A mum who looks like she cannot put her foot down.
A child throwing wellies across a gift shop.
A parent lifting a screaming child and carrying them out.
It’s all too easy for them to fill in the blanks with assumptions about discipline or parenting style. It’s easy for them to think they know.
But when you’re parenting a PDA child, you’re living an entirely different story that’s almost impossible for those who’ve never experienced it to understand.
You see a nervous system on fire. You see fear.
You see overwhelm that has tipped into panic.
You see a child who is desperately trying to hold onto a day that felt safe, joyful, or special, and who cannot bear for it to end.
This is not a child who will respond to firmer boundaries in that moment. This is a child whose internal alarms are blaring. A child whose brain is not choosing the reaction you’re witnessing. A child who is scared.

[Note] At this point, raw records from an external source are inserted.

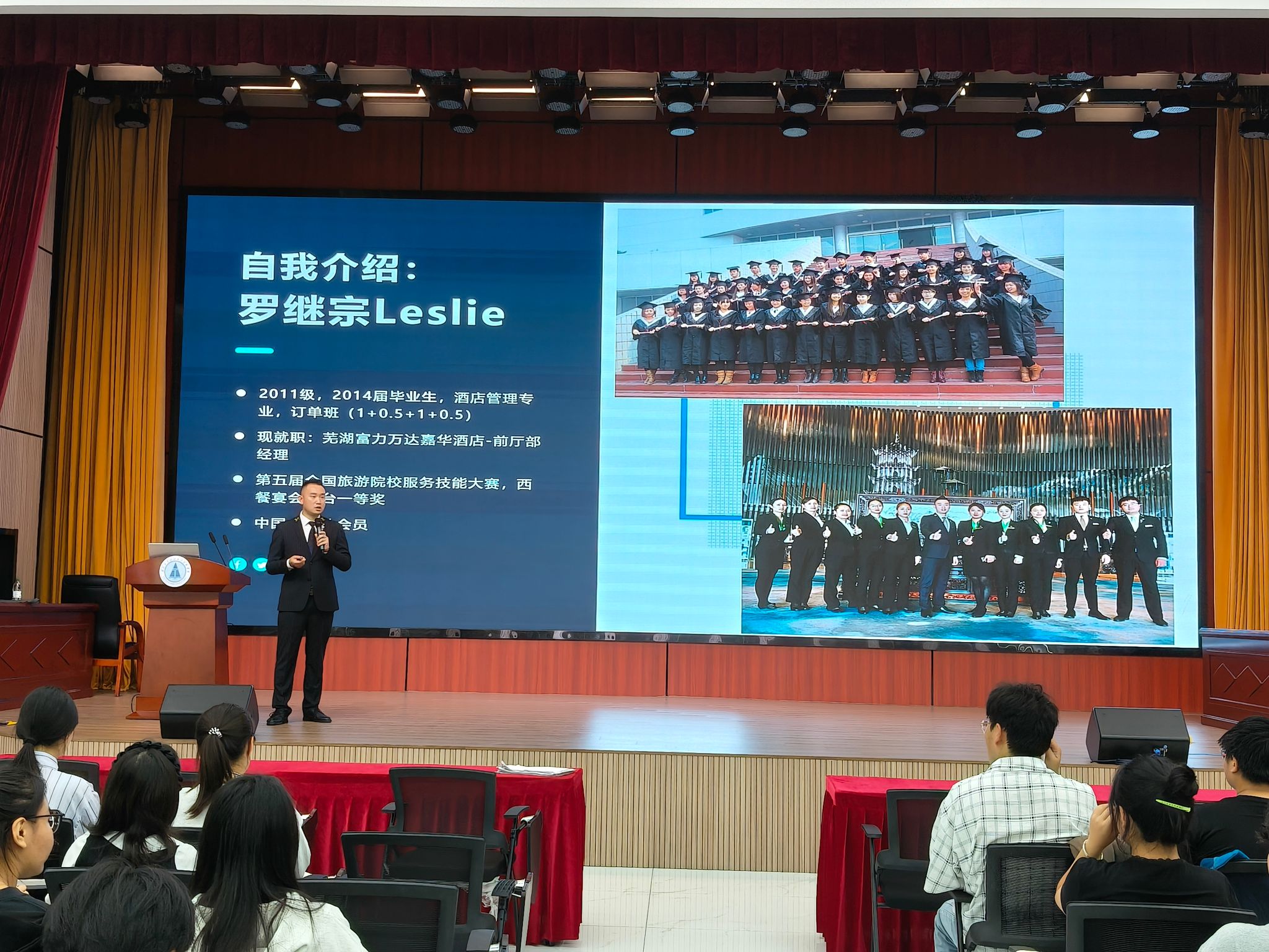学院2014届酒店管理专业优秀毕业生罗继宗,一直深耕于酒店行业,现任芜湖富力万达嘉华大酒店前厅部经理。他以“大学生职业生涯规划与发展”为主题,分享了在校期间的知识学习、竞赛参与和社会实践如何为职业生涯奠定坚实基础,并详细讲述了如何从一名基层员工逐步成长为酒店管理骨干的历程。他鼓励新生们不仅要学好专业基础知识,更要积极拥抱变化,具有主动学习意识,培养国际化视野和跨文化沟通能力。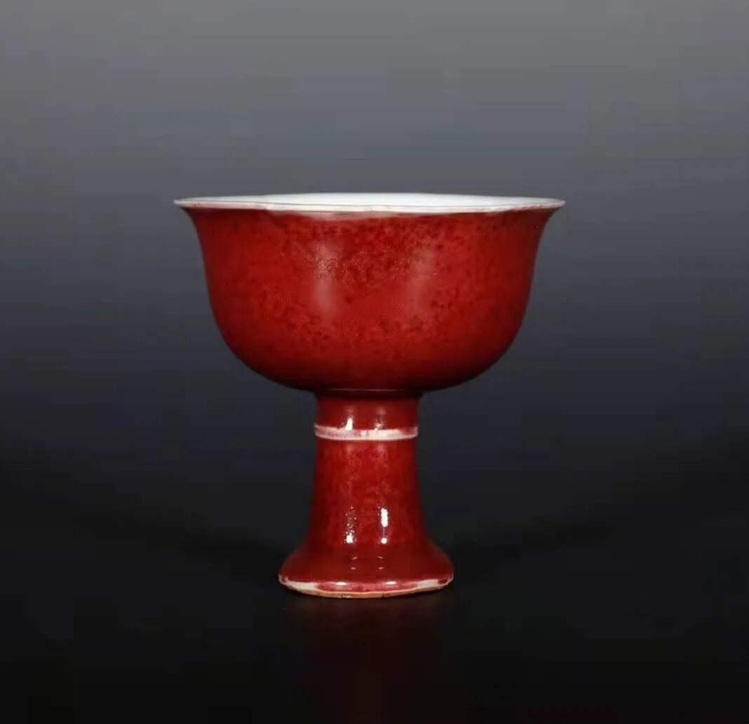 ▲明永乐 红釉高足杯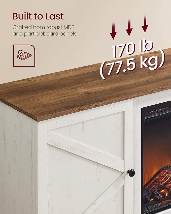 VASAGLE Fireplace TV Stand for TVs up to 65 Inches, 18-Inch ELectric Fireplace with Remote, Farmhouse Entertainment Center, Media Console Table for Living Room, Rustic White and Honey Brown ULTV540W01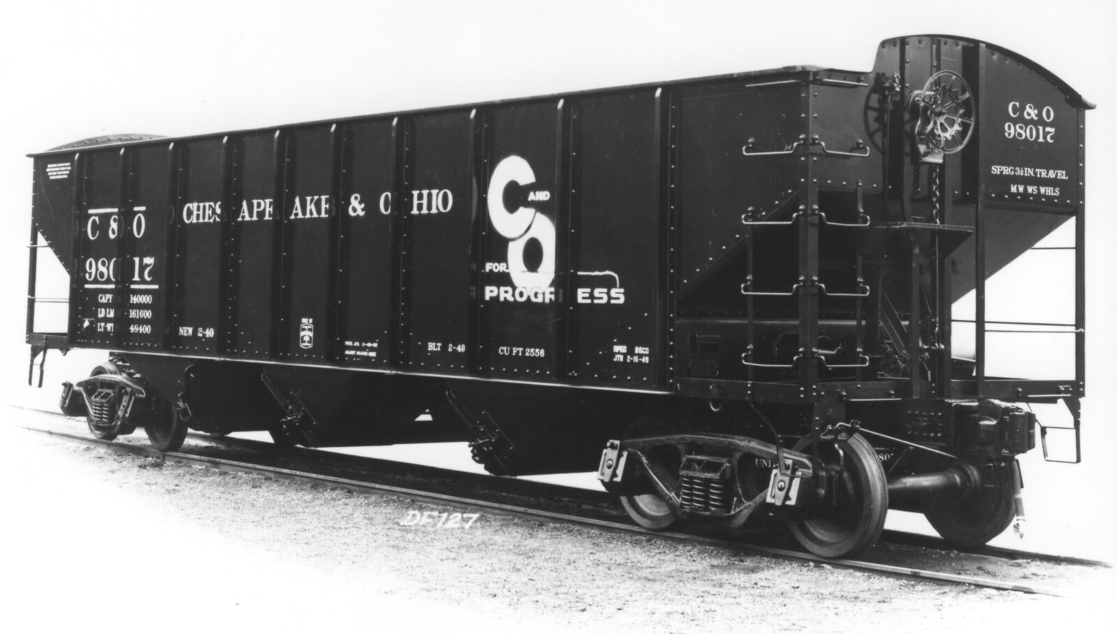 These 70 ton, 3-bay open hopper cars were built by Bethlehem Steel Corp. (Lot DF-127) in 2-4/1949. They featured notched heap shields and 2556 ft3 capacity.

The Boundary We Never Want to Cross
There comes a point on days like this where every tool in your toolbox has been used.
Empathy.
Co-regulation.
Listening.
Silence.
Proximity.
Space.
Patience.
You cycle through them all, hoping one will catch. Sometimes they do. Sometimes they do not.
And when the shop is closing, when the staff are waiting, when other families stare, you reach the moment no parent of a PDA child wants to reach. You pick them up even though they don’t want to be touched.
The last thing they need is physical contact.
The last thing they want is to be held.
Their body is telling them no.
Their fear response is loud and real.
But there’s nowhere else to go. You’ve run out of time and options, so you carry them, knowing how much it hurts you both.
The Practical Reality No One Talks About
Carrying a resisting child is not simple or gentle.
Their whole body works against the movement.
You adjust constantly just to keep them safe in your arms all the while worrying they might bruise from the grip you know is too firm, and dodging scratching fingernails as their instinct to defend themselves kicks in.
You can’t carry their belongings because your arms are full of their distress and as they get older, they get bigger, heavier.
The crafts they made with so much pride get left behind.
The wellies stay abandoned.
You promise yourself you’ll go back for them, even though you know you probably won’t another way the SEN tax gets you.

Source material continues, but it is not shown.